All antibodies are listed in Supplementary Tables 3, 4 and 5. Antibodies are monoclonal and raised in mice or rats. All antibodies were validated by manufacturer and titrated with biological and/or isotype controls. SARS-CoV-2 Spike receptor binding domain (RBD) recombinant protein was expressed in Freestyle 293 F cells and purified by nickel affinity columns, as directed by the manufacturer (Thermo Fisher Scientific). The RBD preparations were dialyzed against phosphate-buffered saline (PBS) and purity was assessed, by SDS-PAGE and Coomassie Blue staining. We generated B cell probes by conjugating recombinant RBD proteins with Alexa Fluor 488 dye or Alexa Fluor 594 dye (Thermo Fisher Scientific) according to the manufacturer’s protocol.

Detection of RBD-specific B cells

Cryopreserved peripheral blood mononuclear cells (PBMCs) were thawed and rested in cell culture media (RPMI supplemented with 10% fetal bovine serum (FBS) and PenStrep – 50 U/ml of penicillin and 50 µg/mL of streptomycin) at 37 °C for 3 h at a density of 1 × 107 cells/ml in 24-well plates. Cells were collected, washed, and stained with LIVE/DEAD™ Fixable Aqua Dead Cell Stain Kit (20 mins, 4 °C; Thermofisher, #L34965). After washing, cells were stained with a cocktail of surface markers (30 mins, 4 °C; See panel in Supplementary Table 3, including RBD probes).

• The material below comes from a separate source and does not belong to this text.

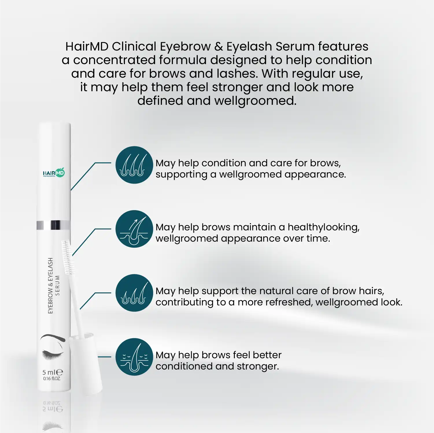 With its concentrated content, HairMD Clinical Eyebrow and Eyelash Serum is formulated to help nourish eyebrows and eyelashes and support their healthy appearance.

Washed cells were then fixed with 2% paraformaldehyde (PFA) for 20 mins at RT, then washed and resuspended in PBS-2% FBS for flow acquisition on a 5-laser Symphony (BD). Analyses were performed using FlowJo (Treestar, V10).

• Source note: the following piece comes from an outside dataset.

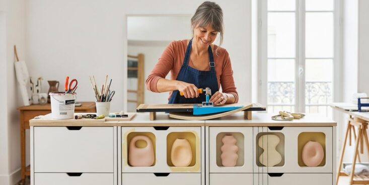 Le principe est simple : partir d’un meuble standard pour créer quelque chose d’unique. En effet, cette transformation spectaculaire repose sur une technique accessible à tous. Les courbes apportent une touche sculpturale qui attire immédiatement le regard.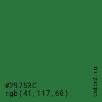 Цвет #29753C в цветовой модели RGB обозначается тремя октетами (41, 117, 60) в десятичном формате и #29753C в шестнадцатиричном (hex) формате, которые являются интенсивностью красного 41 (hex 29), интенсивность зелёного 117 (hex 75) и интенсивность синего 60 (hex 3C).

Activation-induced marker (AIM) assay on T cells

Cryopreserved PBMCs were thawed and rested in cell culture media (RPMI supplemented with 10% Human AB serum and PenStrep – 50 U/mL of penicillin and 50 µg/mL of streptomycin) at 37 °C for 3 h at a density of 10 M/mL in 24-well plates. 15 min prior to stimulation, CD40 blocking antibody (clone HB14, Miltenyi, cat #: 130-094-133) was added to each well at 0.5 µg/ml, as well as antibodies staining CXCR5, CXCR3 and CCR6. Cells were either left unstimulated or stimulated with overlapping peptide pools of Spike (S1 + S2), at a final concentration of 0.5 µg/mL/peptide. Alternatively, 1 µg/ml of Staphylococcal Enterotoxin B (SEB, Toxin Technology) was used to stimulate the cells as a positive control. Cells were stimulated for 15 h, collected, washed, and stained with LIVE/DEAD™ Fixable Aqua Dead Cell Stain Kit (20 mins, 4 °C; Thermofisher, #L34965). After washing, cells were incubated with FcR block (10 mins, 4 °C; Miltenyi) then stained with a cocktail of surface markers (30 mins, 4 °C; See panel in Supplementary Table 4). Washed cells were then fixed with 2% PFA for 20 mins at RT, then washed and resuspended in PBS-2% FBS for flow acquisition on a 5-laser Symphony (BD).

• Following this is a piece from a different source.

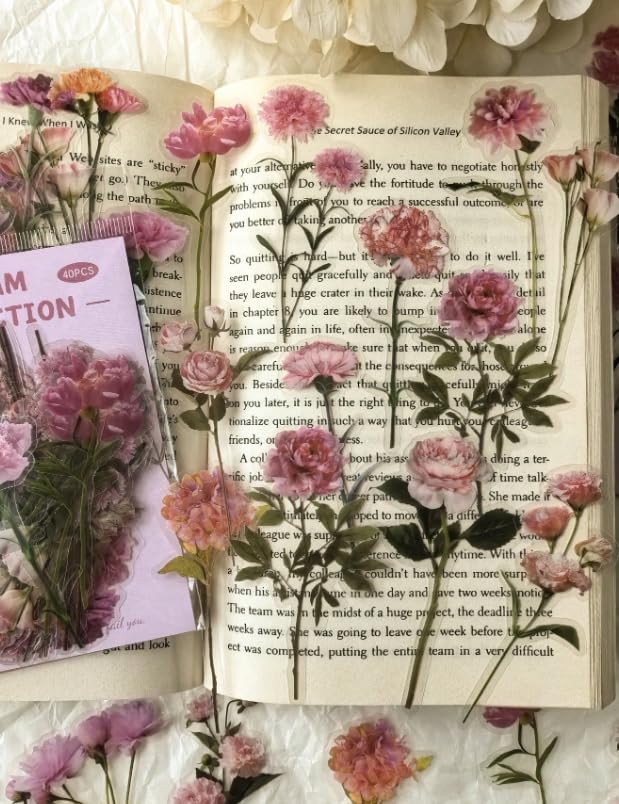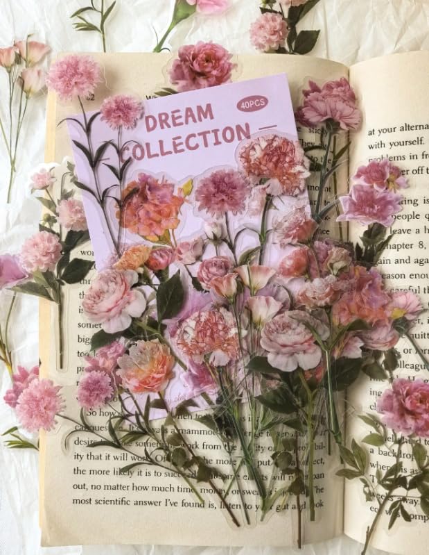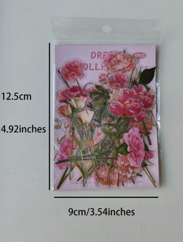 Generic - ملصقات زهور وردية رومانسية عتيقة، 40 قطعة، تصميم زهرة الاقحوان الفاوانيا، لسجل القصاصات والمخططات والمذكرات ومستلزمات القرطاسية

Intracellular cytokine staining (ICS) in Spike-specific T cells

Cryopreserved peripheral blood mononuclear cells (PBMCs) were thawed and rested for 2 h in cell culture media. Cells were stimulated with overlapping peptide pools for SARS-CoV-2 spike (S), membrane (M) and nucleocapsid (NC) (0.5 μg/ml per peptide from JPT, Berlin, Germany) for 6 h in the presence of anti-CD107a BV786 (BD Biosciences), Brefeldin A (BD Biosciences) and monensin-1 (BD Biosciences) at 37 °C and 5% CO2. DMSO-treated cells served as negative control and SEB-treated cells as positive control. Cells were stained with LIVE/DEAD™ Fixable Aqua Dead Cell Stain Kit (20 mins, 4 °C; Thermofisher, #L34965) and surface markers (30 mins, 4 °C), followed by detection of intracellular markers using the IC Fixation/Permeabilization kit (Thermo Fisher) according to the manufacturer’s protocol before acquisition at 5-laser Symphony (BD) (see Supplementary Table 5 for panel).

Reporting summary

Further information on research design is available in the Nature Portfolio Reporting Summary linked to this article.